◆ Available data ◆
══════

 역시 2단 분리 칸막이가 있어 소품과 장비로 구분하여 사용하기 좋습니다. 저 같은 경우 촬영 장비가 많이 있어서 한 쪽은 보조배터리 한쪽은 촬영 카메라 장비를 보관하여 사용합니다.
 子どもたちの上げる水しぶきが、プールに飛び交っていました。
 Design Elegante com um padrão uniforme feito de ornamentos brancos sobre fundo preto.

══════

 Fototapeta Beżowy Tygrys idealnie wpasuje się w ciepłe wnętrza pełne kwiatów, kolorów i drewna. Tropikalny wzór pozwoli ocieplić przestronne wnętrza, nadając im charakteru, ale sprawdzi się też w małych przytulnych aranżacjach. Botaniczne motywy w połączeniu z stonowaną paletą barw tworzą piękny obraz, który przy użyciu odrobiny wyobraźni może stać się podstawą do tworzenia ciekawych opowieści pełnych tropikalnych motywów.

══════

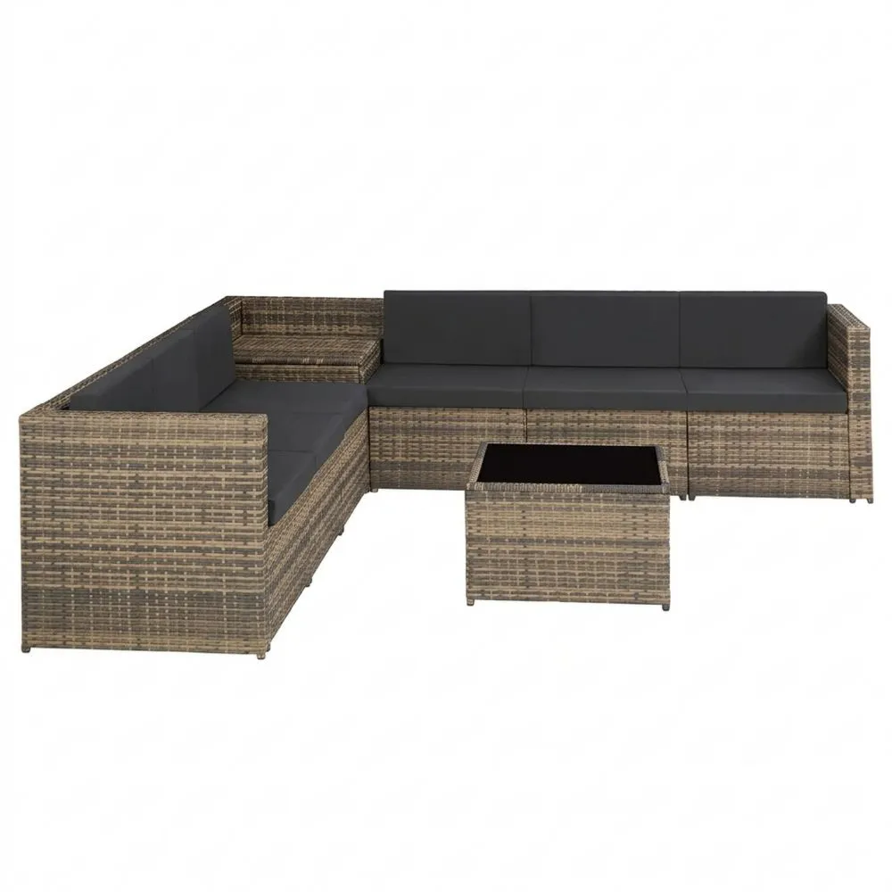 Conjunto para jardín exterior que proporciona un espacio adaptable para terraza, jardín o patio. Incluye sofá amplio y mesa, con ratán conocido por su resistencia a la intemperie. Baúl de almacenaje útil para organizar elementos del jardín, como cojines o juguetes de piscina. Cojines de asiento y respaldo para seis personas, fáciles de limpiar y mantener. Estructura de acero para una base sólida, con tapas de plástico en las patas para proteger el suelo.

══════

◆ What to do ◆
Restate word for word the entries above, starting at the line with "역시 2단 분리 칸막이가" and ending at the line with "Design Elegante com", inclusive, and no others.

◆ Reply to the task ◆
 역시 2단 분리 칸막이가 있어 소품과 장비로 구분하여 사용하기 좋습니다. 저 같은 경우 촬영 장비가 많이 있어서 한 쪽은 보조배터리 한쪽은 촬영 카메라 장비를 보관하여 사용합니다.
 子どもたちの上げる水しぶきが、プールに飛び交っていました。
 Design Elegante com um padrão uniforme feito de ornamentos brancos sobre fundo preto.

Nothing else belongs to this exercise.